The sample was placed in a test tube with a length of 180 mm, a thermocouple was inserted into the center, and the upper end was sealed with a rubber stopper.

Then, this test tube was immersed in a constant temperature water bath at 45°C and sufficiently heated until the inside was melted and the temperature reached 45°C.

Next, this test tube was immersed in a constant temperature water bath at 15° C. to radiate heat, and the temperature change of the heat storage agent composition in the test tube was measured.

The heat release curve was as shown in 1 in FIG. 1, and it was confirmed that this heat storage agent composition solidified and released heat for a long time at 29° C. without causing supercooling.

Example 2 Barium thiosulfate was added to 30 g of the original sample prepared in Example 1.
A heat storage agent composition in which 1.5 g of aqueous salt (same as in Example 1) was added and stirred was subjected to measurement of temperature changes in exactly the same manner as in Example 1.

The heat release curve was as shown in 2 in FIG. 1, and it was confirmed that this heat storage agent composition solidified and released heat for a long time at 29° C. without causing supercooling.

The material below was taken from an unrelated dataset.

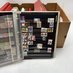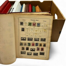| Omschrijving | Doos met diverse postzegelalbums, meeste gevuld met zegels. Nederland en internationaal. |
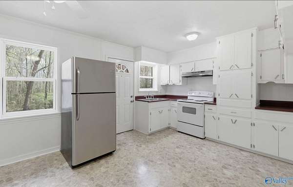 Charming 2 bedroom/possbile 3, 1 bath home situated on approximately 3+- acres of private land. Extra septic tank for addition living quarters for mobile home. (Not restricted). UPGRADES include, New wall heaters, fresh paint, new lighting and ceiling fans, new stove, new wiring, newer windows, hardwoods, and a nice storage building. This property offers a full basement, providing ample storage or potential for additional living space. Washer dryer hook-ups on main level and in basement as well. Plenty of room for children to play, gardening, or expansion. Ideal for those seeking space and versatility. Conveniently located one Hwy 168 just within minutes of Boaz, Crossville, or Albertville.

Comparative Example The heat dissipation behavior of the original sample 301 prepared in Example 1 to which barium thiosulfate was not added was measured in exactly the same manner as in Example 1.

The heat release curve was as shown in 3 in Figure 1, and it was confirmed that this original sample was supercooled and almost no heat was released during solidification.

Example 3 A heat storage agent composition obtained by adding 60 g of barium thiosulfate monohydrate (same as in Example 1) to 30 g of calcium chloride hexahydrate and stirring the mixture was prepared in the same manner as in Example 1, and the temperature of its exothermic cooling was adjusted. Changes were measured.

The heat dissipation cooling curve of this heat storage agent composition was as shown in 4 in FIG. 2, and it was confirmed that solidification heat dissipation was performed at about 31° C. for a long period of time without causing supercooling.

Example 4 A heat storage agent composition prepared by adding 1.5 g of barium thiosulfate monohydrate (same as in Example 1) to 30 g of calcium chloride hexahydrate and stirring the mixture was subjected to heat radiation cooling in the same manner as in Example 1. The temperature change was measured.

The heat radiation cooling curve of this heat storage agent composition is as shown in 5 in FIG. 2, and this heat storage agent composition does not cause supercooling.
It was confirmed that solidification heat was dissipated for a long time at about 29°C.

Comparative Example 2 Calcium chloride hexahydrate 30 without added nucleating agent
The radiation cooling behavior of g was measured in the same manner as in Example 1.

The radiation cooling curve of this sample is as shown in 6 in Figure 2,
It was confirmed that this sample caused supercooling and was cooled down to ambient temperature with almost no solidification heat dissipation.

[Brief explanation of drawings]

FIGS. 1 and 2 are graphs showing the heat dissipation behavior of the heat storage agent composition of the present invention and a conventional heat storage agent composition to which barium thiosulfate is not added.

Claims (1)

[Claims] 1. A heat storage agent composition comprising calcium chloride hexahydrate and barium thiosulfate. 2. The heat storage agent composition according to claim 1, wherein the barium thiosulfate is barium thiosulfate monohydrate. 3. The heat storage agent composition according to claim 1 or 2, wherein the barium thiosulfate has a particle size of 100 microns or less. 4. The heat storage agent according to claim 1, 2 or 3, wherein barium thiosulfate is added in an amount of 0.01 to 20 parts by weight to 100 parts by weight of calcium chloride hexahydrate. Composition.